What to produce >> Give back exactly the lines from the start of the entries below to the line holding "Misty Half Puff", that line included, and leave every picture out.

The data >>
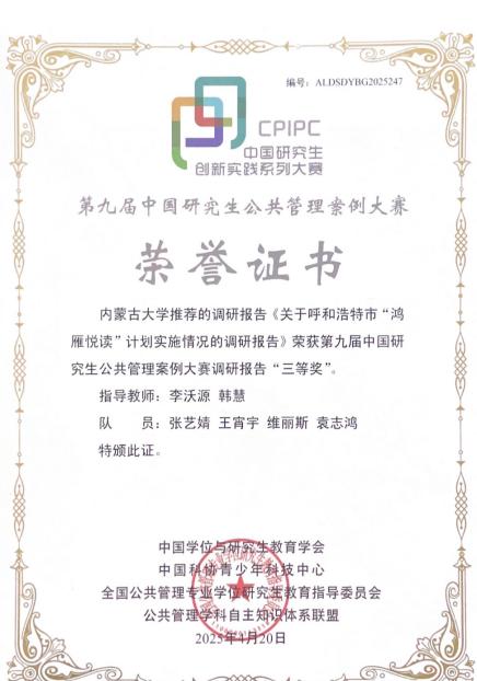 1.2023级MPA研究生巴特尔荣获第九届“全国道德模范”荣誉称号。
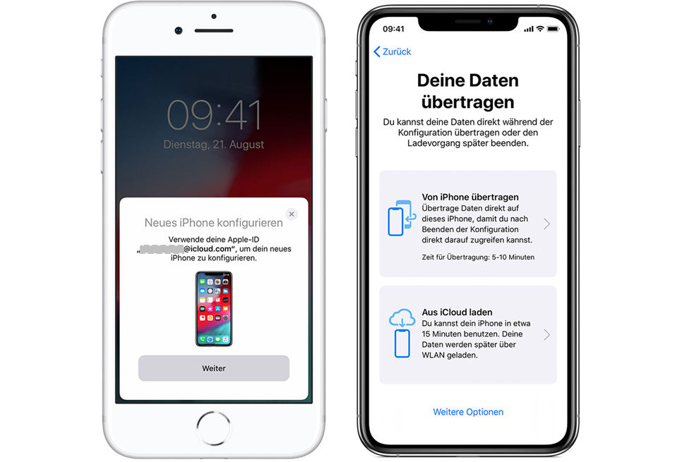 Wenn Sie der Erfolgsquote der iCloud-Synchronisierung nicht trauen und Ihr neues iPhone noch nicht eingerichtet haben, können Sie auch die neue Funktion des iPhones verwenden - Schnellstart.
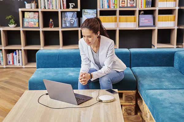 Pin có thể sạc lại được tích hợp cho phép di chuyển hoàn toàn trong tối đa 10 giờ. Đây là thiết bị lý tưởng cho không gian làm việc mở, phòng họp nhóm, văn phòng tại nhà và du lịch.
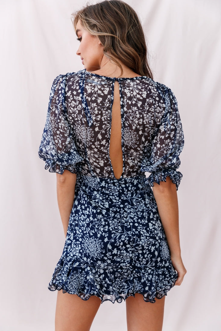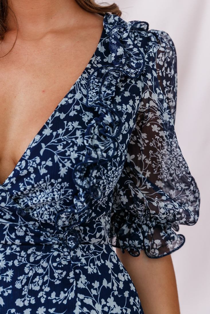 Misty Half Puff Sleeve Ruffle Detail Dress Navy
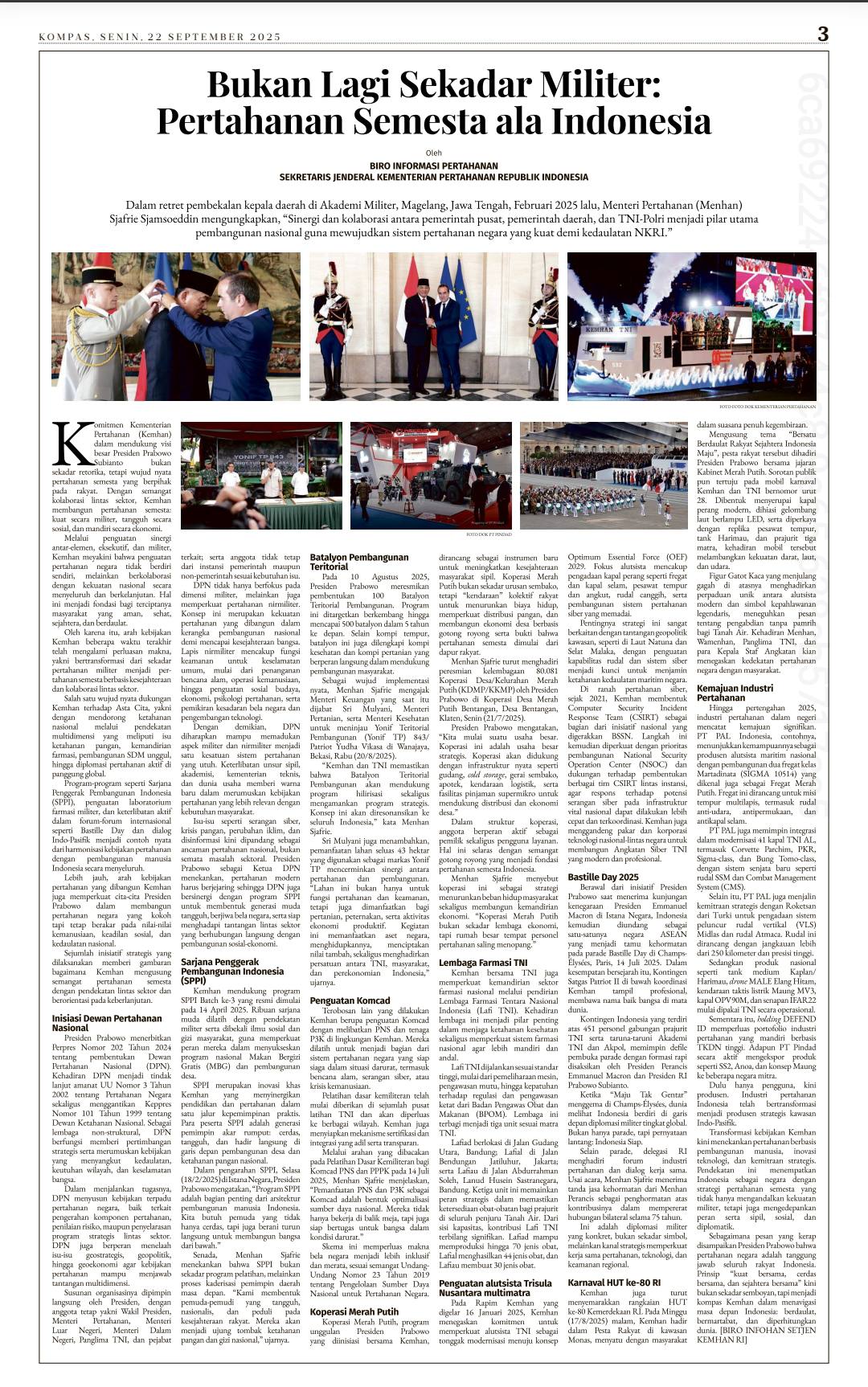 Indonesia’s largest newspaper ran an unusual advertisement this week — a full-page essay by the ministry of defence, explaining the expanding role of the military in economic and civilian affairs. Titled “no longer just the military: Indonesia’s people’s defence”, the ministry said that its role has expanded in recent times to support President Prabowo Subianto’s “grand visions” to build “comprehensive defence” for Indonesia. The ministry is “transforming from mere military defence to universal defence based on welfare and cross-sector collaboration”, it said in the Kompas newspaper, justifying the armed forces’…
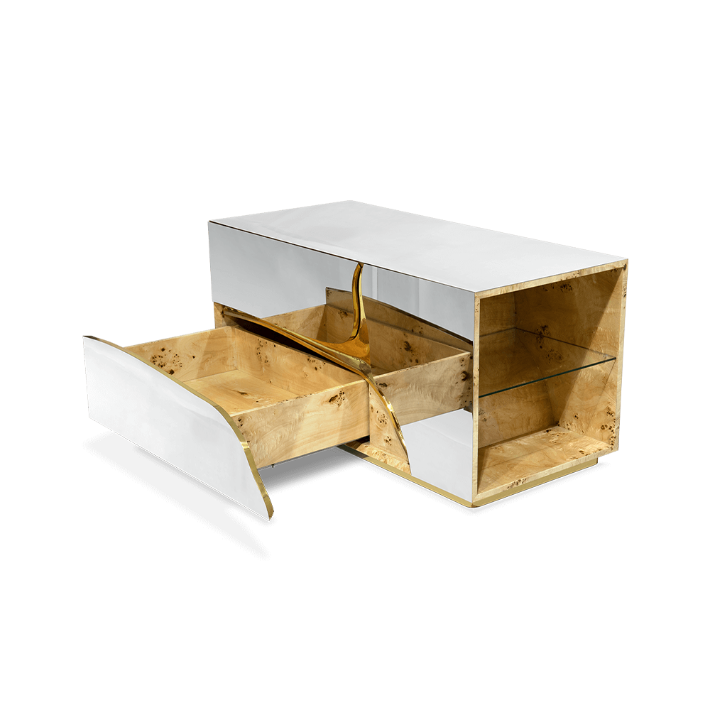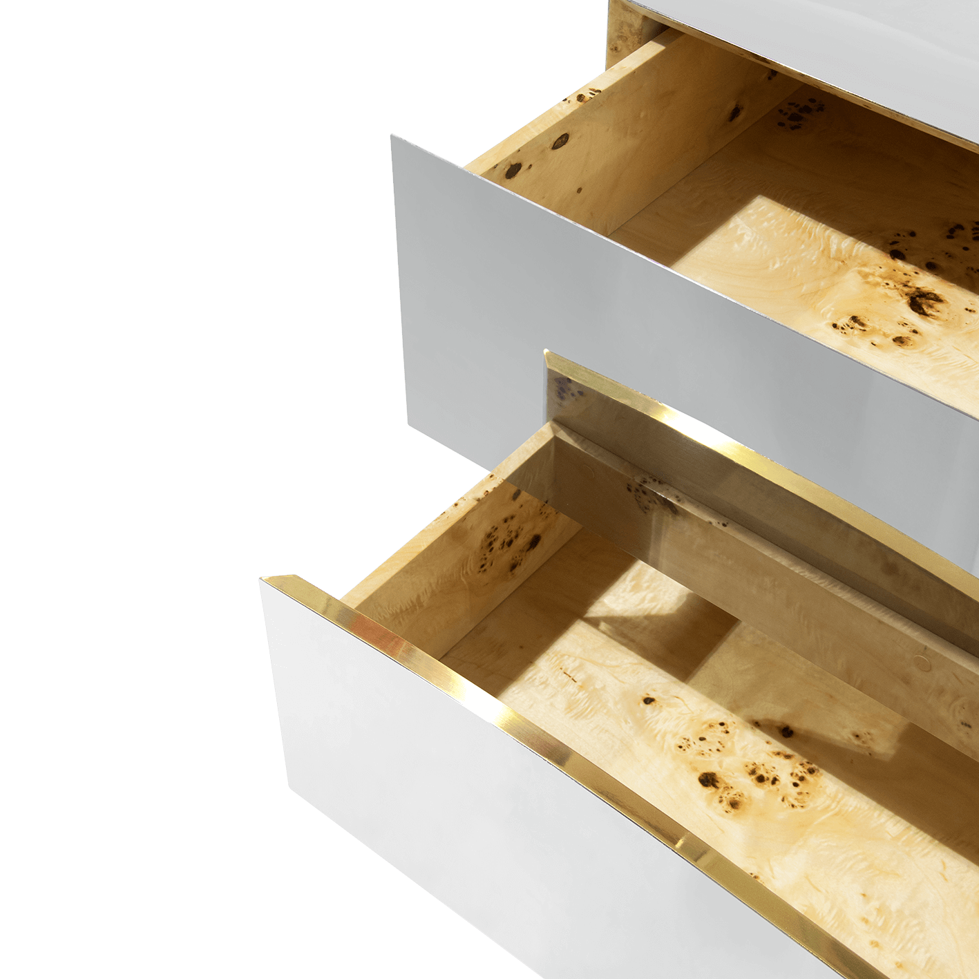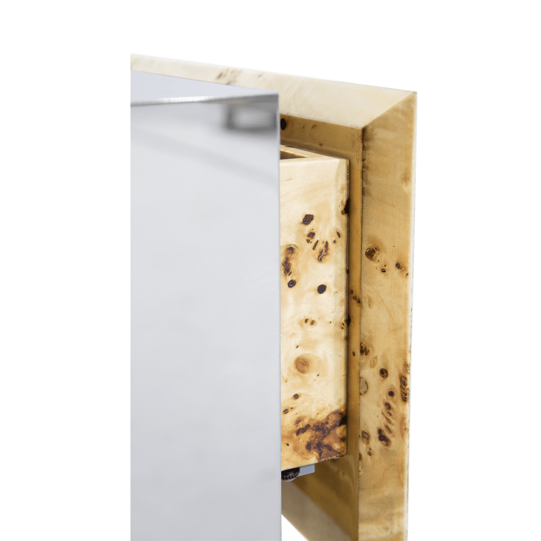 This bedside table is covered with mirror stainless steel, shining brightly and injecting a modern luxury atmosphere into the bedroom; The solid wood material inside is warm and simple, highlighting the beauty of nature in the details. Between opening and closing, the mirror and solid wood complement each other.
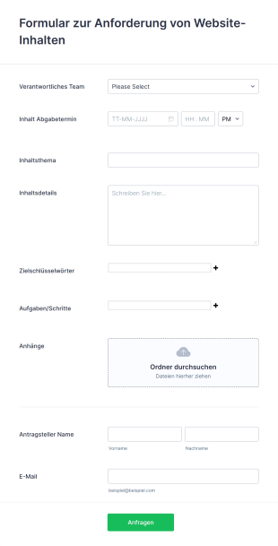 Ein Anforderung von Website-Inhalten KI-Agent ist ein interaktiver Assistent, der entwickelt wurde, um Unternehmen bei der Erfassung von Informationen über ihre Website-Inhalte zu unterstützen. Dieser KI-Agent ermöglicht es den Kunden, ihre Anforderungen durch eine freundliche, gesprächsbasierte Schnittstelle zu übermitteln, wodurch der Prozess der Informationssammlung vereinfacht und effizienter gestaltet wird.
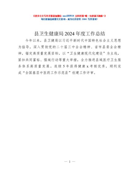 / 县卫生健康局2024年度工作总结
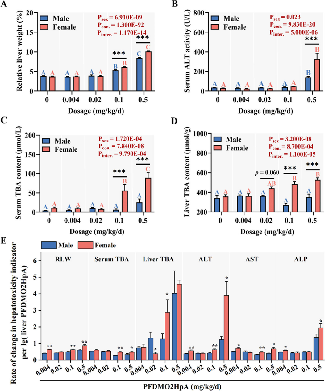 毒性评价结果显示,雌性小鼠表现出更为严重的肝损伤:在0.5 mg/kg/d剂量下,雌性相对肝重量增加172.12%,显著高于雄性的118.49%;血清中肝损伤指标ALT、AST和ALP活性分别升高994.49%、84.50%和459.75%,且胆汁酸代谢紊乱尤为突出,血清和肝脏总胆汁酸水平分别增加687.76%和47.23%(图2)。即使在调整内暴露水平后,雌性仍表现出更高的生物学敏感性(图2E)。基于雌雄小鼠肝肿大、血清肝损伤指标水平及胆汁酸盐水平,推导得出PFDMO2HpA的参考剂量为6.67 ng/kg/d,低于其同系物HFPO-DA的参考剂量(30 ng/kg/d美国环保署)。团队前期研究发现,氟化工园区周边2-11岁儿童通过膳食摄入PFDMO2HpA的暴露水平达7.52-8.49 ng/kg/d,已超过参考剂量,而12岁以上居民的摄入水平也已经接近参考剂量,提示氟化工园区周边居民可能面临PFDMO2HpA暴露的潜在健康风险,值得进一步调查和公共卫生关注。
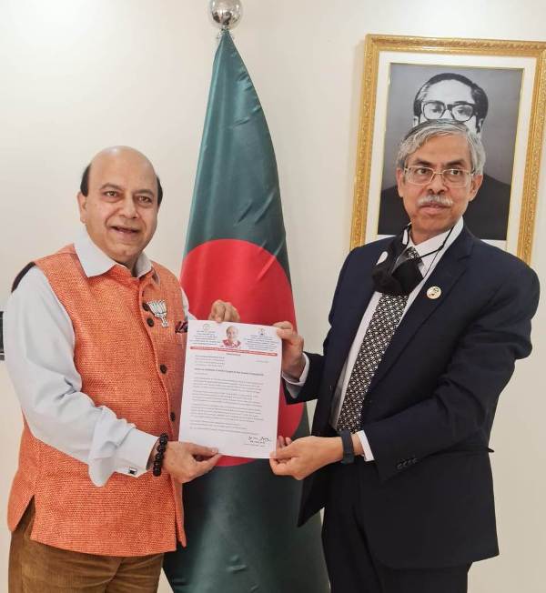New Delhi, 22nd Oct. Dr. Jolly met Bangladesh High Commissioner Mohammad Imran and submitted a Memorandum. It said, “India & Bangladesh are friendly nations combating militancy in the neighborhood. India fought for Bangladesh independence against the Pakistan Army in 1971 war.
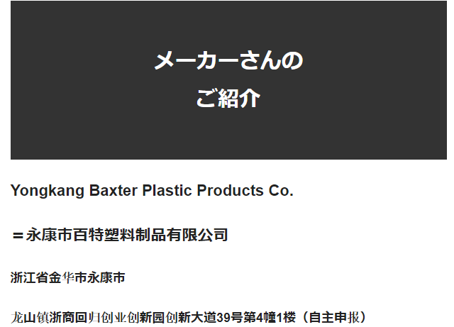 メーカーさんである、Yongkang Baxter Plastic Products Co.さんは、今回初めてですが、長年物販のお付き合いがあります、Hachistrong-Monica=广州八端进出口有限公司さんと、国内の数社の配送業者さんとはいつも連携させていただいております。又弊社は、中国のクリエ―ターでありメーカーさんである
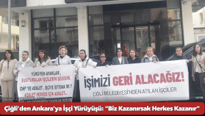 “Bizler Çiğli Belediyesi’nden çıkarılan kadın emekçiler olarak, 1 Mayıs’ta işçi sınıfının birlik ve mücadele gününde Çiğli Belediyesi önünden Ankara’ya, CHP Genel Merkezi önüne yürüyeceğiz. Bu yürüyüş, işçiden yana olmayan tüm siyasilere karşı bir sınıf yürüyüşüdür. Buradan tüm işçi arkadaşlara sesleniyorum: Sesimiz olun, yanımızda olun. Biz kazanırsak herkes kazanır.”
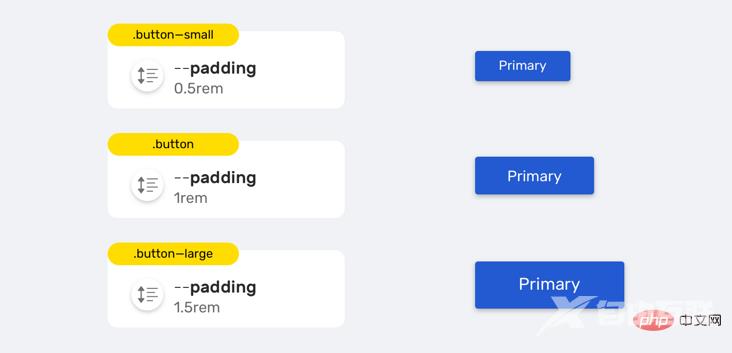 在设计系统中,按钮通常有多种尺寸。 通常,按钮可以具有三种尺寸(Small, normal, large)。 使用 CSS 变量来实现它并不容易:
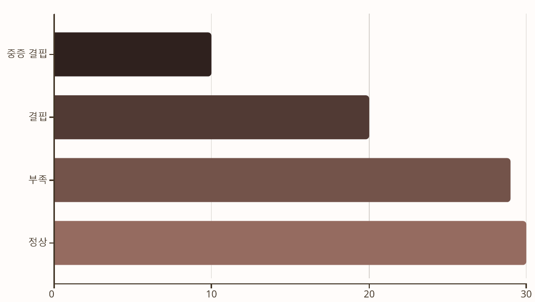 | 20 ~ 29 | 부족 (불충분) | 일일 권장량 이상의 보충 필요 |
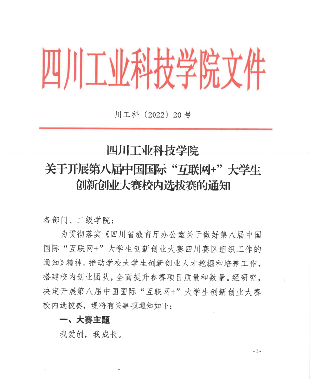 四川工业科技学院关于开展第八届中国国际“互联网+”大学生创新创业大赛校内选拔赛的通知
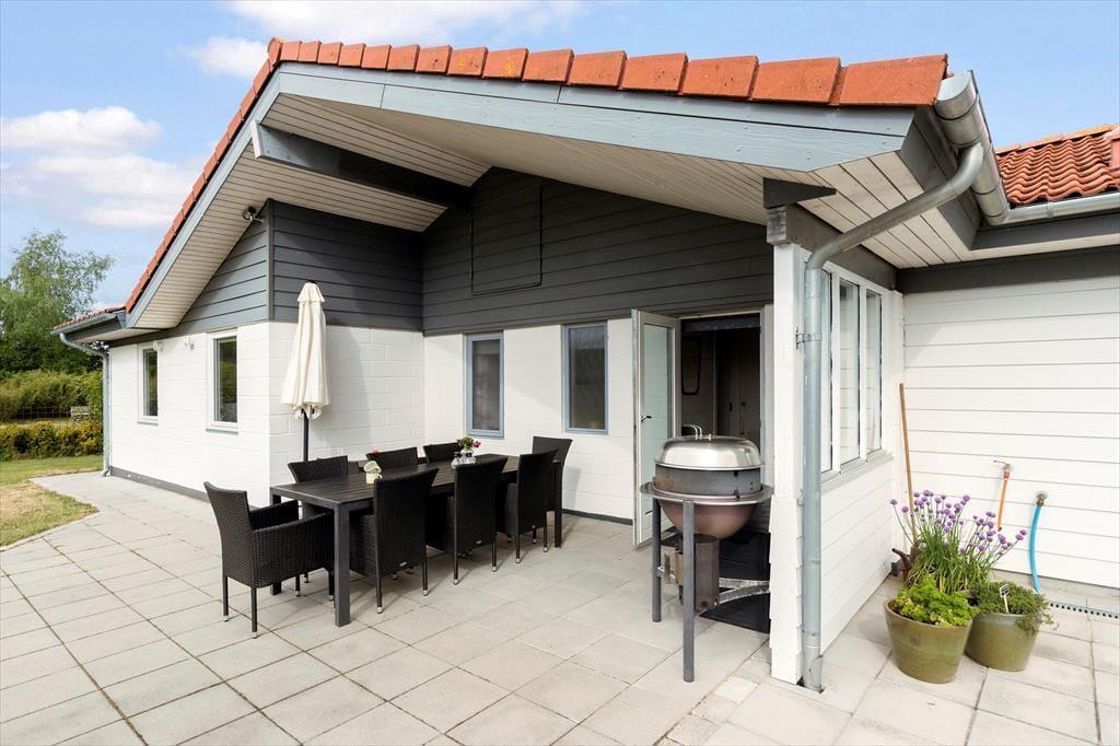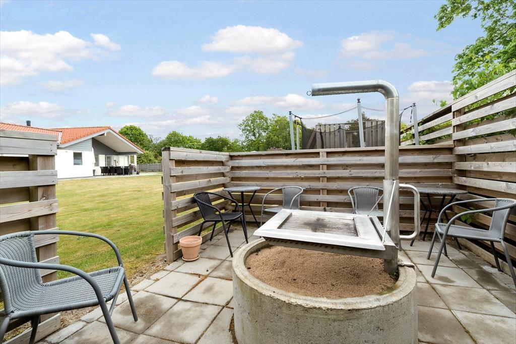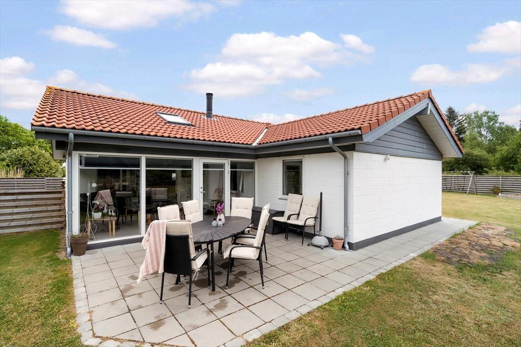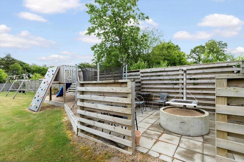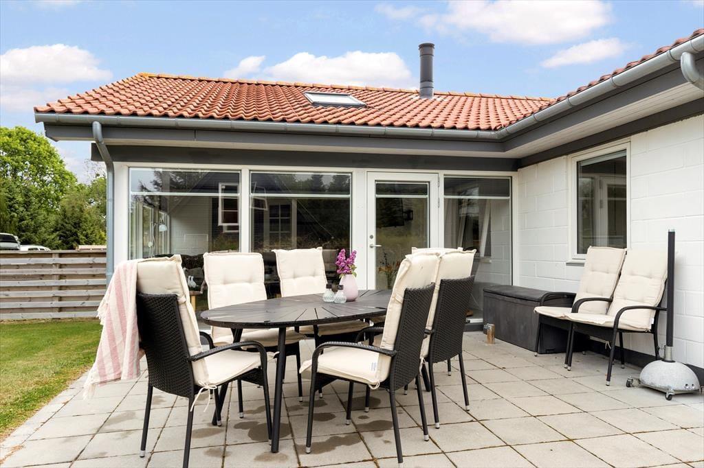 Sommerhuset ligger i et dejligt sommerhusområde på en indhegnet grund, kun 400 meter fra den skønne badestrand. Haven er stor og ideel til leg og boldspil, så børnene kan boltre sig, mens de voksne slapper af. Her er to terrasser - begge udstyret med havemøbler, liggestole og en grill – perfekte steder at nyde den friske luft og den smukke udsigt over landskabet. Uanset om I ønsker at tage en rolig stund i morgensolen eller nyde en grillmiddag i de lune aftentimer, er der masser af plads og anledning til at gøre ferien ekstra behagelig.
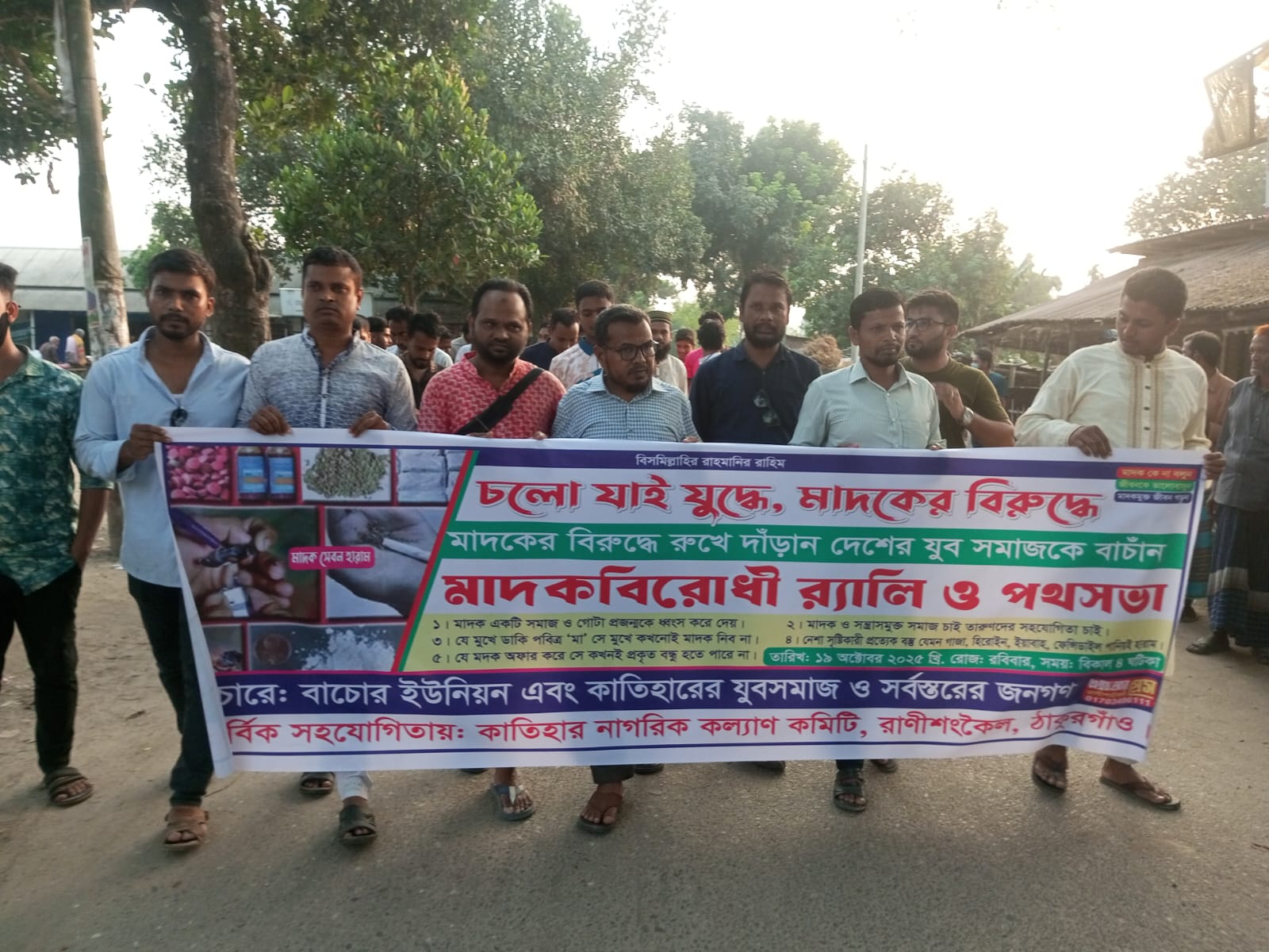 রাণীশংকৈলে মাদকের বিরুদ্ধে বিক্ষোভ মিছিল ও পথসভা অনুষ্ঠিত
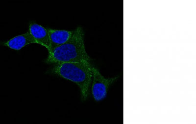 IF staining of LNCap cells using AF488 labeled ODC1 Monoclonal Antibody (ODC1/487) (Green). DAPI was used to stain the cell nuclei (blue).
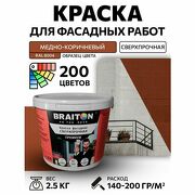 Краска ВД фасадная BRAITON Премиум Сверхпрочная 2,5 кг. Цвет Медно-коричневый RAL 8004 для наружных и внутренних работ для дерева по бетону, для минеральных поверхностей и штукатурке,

Solved exercise >>
 1.2023级MPA研究生巴特尔荣获第九届“全国道德模范”荣誉称号。
 Wenn Sie der Erfolgsquote der iCloud-Synchronisierung nicht trauen und Ihr neues iPhone noch nicht eingerichtet haben, können Sie auch die neue Funktion des iPhones verwenden - Schnellstart.
 Pin có thể sạc lại được tích hợp cho phép di chuyển hoàn toàn trong tối đa 10 giờ. Đây là thiết bị lý tưởng cho không gian làm việc mở, phòng họp nhóm, văn phòng tại nhà và du lịch.
 Misty Half Puff Sleeve Ruffle Detail Dress Navy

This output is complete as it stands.